相位展開技術,常因雜訊及測量面有自身形貌不連續(physical discontinuities)等因素造成展開錯誤。調控式平行相位還原法,對於克服雜訊有一定的能力,但處理形貌不連續問題時,若未加額外限制,則會造成遮罩錯誤搬移,最後導致發散現象產生。本文藉由加入差值門檻上界的設定,以解決原先在展開過程中,遮罩判斷在不連續交界處的錯誤判斷;另外,利用調控式平行相位還原法的參數調控特性,選取適當的參數配對,適當的調高限制條件,能有效的克服雜訊所造成的不連續問題;針對了圖形邊界及不連續交界處的資料點數過少問題,提出以遮罩平移方式,修正資料點數不足所產生的錯誤判斷。加入上述修正後的調控式平行相位還原法,對形貌不連續且含雜訊之包裹相位的處理能力,有大幅的改善。

By ordinary, inconsistencies formed by noise and physical discontinuities cause phase unwrapping failure. Adaptive parallel phase unwrapping is noise-immune algorithm, but fail to unwrap with wrapped phase with physical discontinuities ,if has not added the extra restriction. In this research, by adding upper boundary of threshold, seems able to cut off the error interchange in the boundary of physical discontinuities.
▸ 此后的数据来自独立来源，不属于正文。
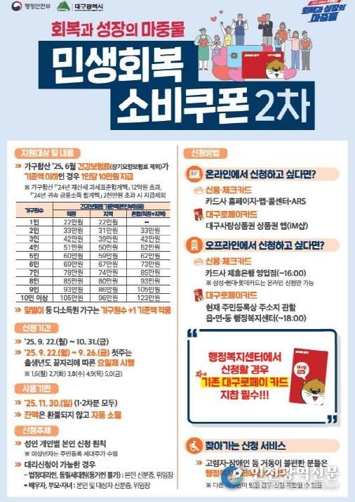 [인천광역신문] 관리자 기자 | 대구광역시는 정부의 민생회복 소비쿠폰 2차 지급기준이 확정됨에 따라 세부 지급계획을 마련하고, 소득 기준을 충족하는 대구 시민 215만 1천 명(91.3%)을 대상으로 9월 22일부터 1인당 10만 원씩, 2,151억 원 규모의 소비쿠폰 2차 신청·접수를 시작한다.
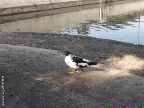 © Jimmy, Fototapeta premium Duck taking a walk on sidewalk by lake.
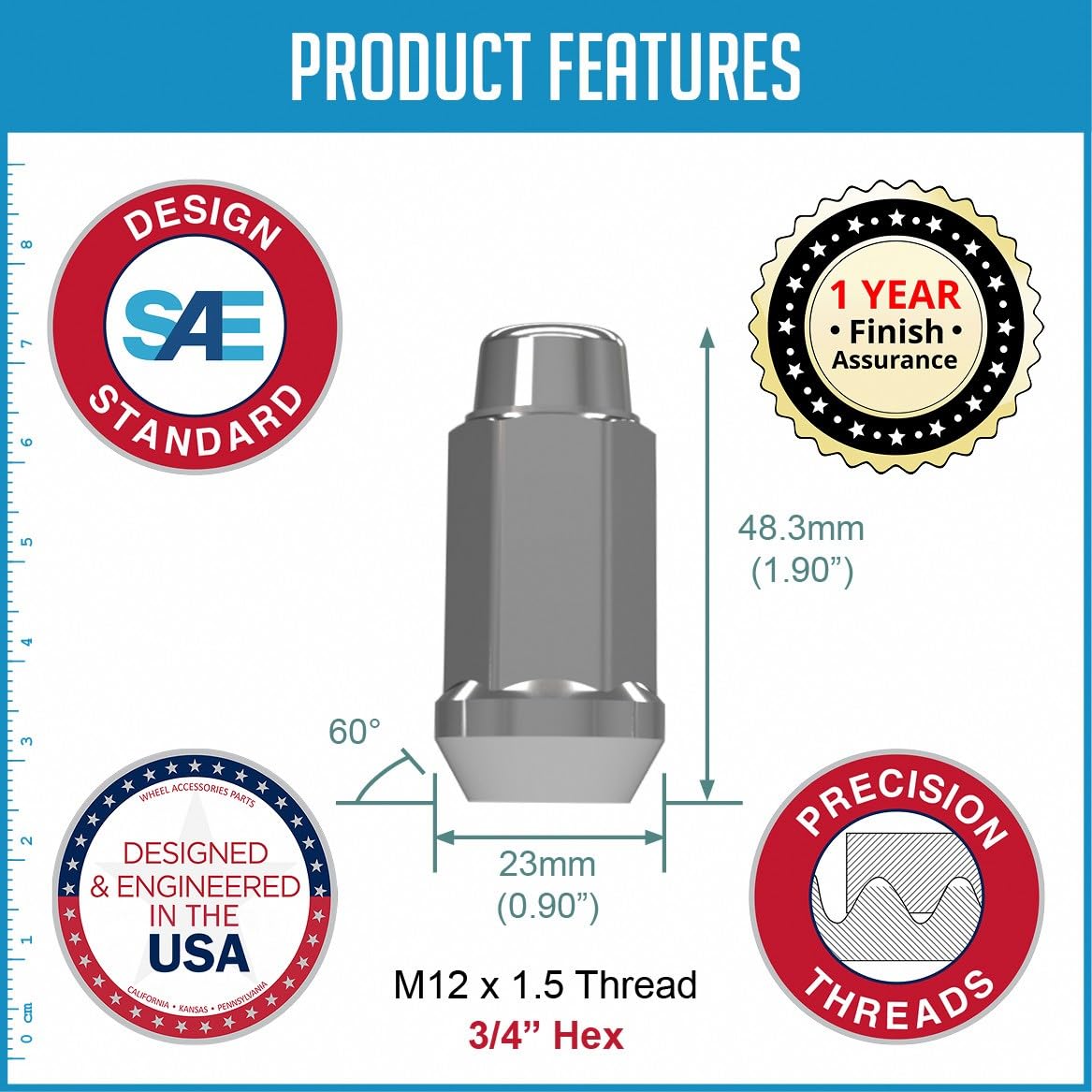 Wheel Accessories Parts 20 Pcs M12 x 1.5 12 x 1.5 Thread Bulge Acorn 1.90" Long Lug Nuts Chrome 3/4" 19mm Hex Fits 1995-2005 Chevy Blazer GMC Jimmy 2000 to 2006 Toyota Tacoma
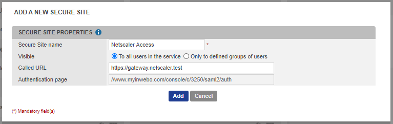 Redirect URL: https://www.myinwebo.com/console/c/XXXX/saml2/XXXX
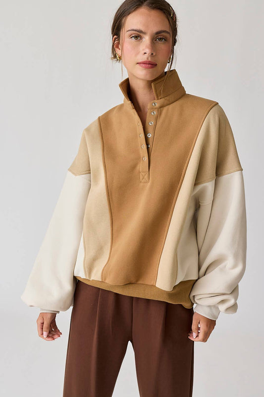 Emma Regular Length Oversized Washed Colorblock Sweater
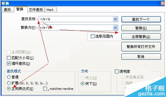 然后给大家讲讲怎么在notepad++里面,将字符串替换成换行

Moreover, this work proposed to circumvent the problem of phase inconsistency, by adjusting the parameters partially and conception of operation mask shifting.To use the foregoing conception makes adaptive parallel phase unwrapping fast, robust and noise-immune.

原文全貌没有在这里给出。